Equivalent Impedance for RC Circuit

Discussion in 'Homework Help' started by hibell, May 8, 2012.

  1. hibell

    Thread Starter New Member

    May 8, 2012
    Maybe I am reading this wrong, but for some reason, I cannot think of how to do this problem:

    A capacitor C and a 5-ohm resistor are in parallel with each other at an angular frequency ω of 10^3 rad/s. (a) Find the value of C if Re(Z_in) = 1 Ω. (b) At the same frequency, the above parallel combination is replaced by an equivalent circuit consisting of a series combination of R_1 and C_1. Find the values of R_1 and C_1.

    The answer to (a) is given as C = 400 μF and answer to (b) is given as R_1 = 1 Ω and C_1 = 500 μF.

    Any help is appreciated.
  2. WBahn


    Mar 31, 2012
    Q1) Given a resistor, R, and capacitor, C, what is the equivalent impedance, Z, if they are placed in parallel? For this problem, I would recommend working in rectangular coordinates, at least for your answers.

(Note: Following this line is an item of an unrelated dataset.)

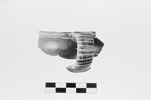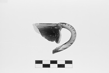 | Description: | Two joining fragments, preserving portion of rim and one handle. Exterior and interior painted except for reserved band at rim inside and out. Handle barred. Good lustrous black paint. Clay close to 5YR 7/6-6/6. Shape as P 32429, P 16571 and P 16572. | |

    Q2) What is the real part of the of the expression for Z found in #Q1?

    Q3) What value of C is needed, together with R=5Ω and ω=1krad/s, to make this equal to 1Ω?

    Q4) Given a different resistor, Rs, and capacitor, Cs, what is the equivalent impedance of the series combination of these two?

    Q5) What do the values of Rs and Cs need to be in order to make the answer to #Q4 equal the answer to #Q1 (using the value of C found in #Q3)?
    hibell likes this.
  3. hibell

    Thread Starter New Member

    May 8, 2012
    1. Z_{in} = \frac{\frac{R^2}{j\omega C} + \frac{R}{\omega ^2 C^2}}{R^2 + \frac{1}{\omega ^2 C^2}}

    2. Re[Z_{in}] = \frac{\frac{R}{\omega ^2 C^2}}{R^2 + \frac{1}{\omega ^2 C^2}}

    3. Solving for C when Re[Z_{in}] = 1 yields C = 400 μF.

    Will post the series solution shortly. I see the error in my ways. Thanks WBahn for the much progress made due to your very helpful hand. My error was that I was making a silly algebraic mistake! =}
    Last edited: May 9, 2012
  4. hibell

    Thread Starter New Member

    May 8, 2012
    4. Z_{eq} = R_{s} + \frac{1}{j\omega C_{s}

    5. Substituting C = 400 μF into Z_{in} found in (1) yields Z_{in} = 1 + j2.

    Solving for R_{s} and C_{s} shown below:

    R_{s} = Re[Z_{in}] = 1

    \frac{1}{\omega C_{s}} = Im[Z_{in}] = 2 ---> C_{s} = 500 \mu F

    Thank you again for the clear steps WBahn! :D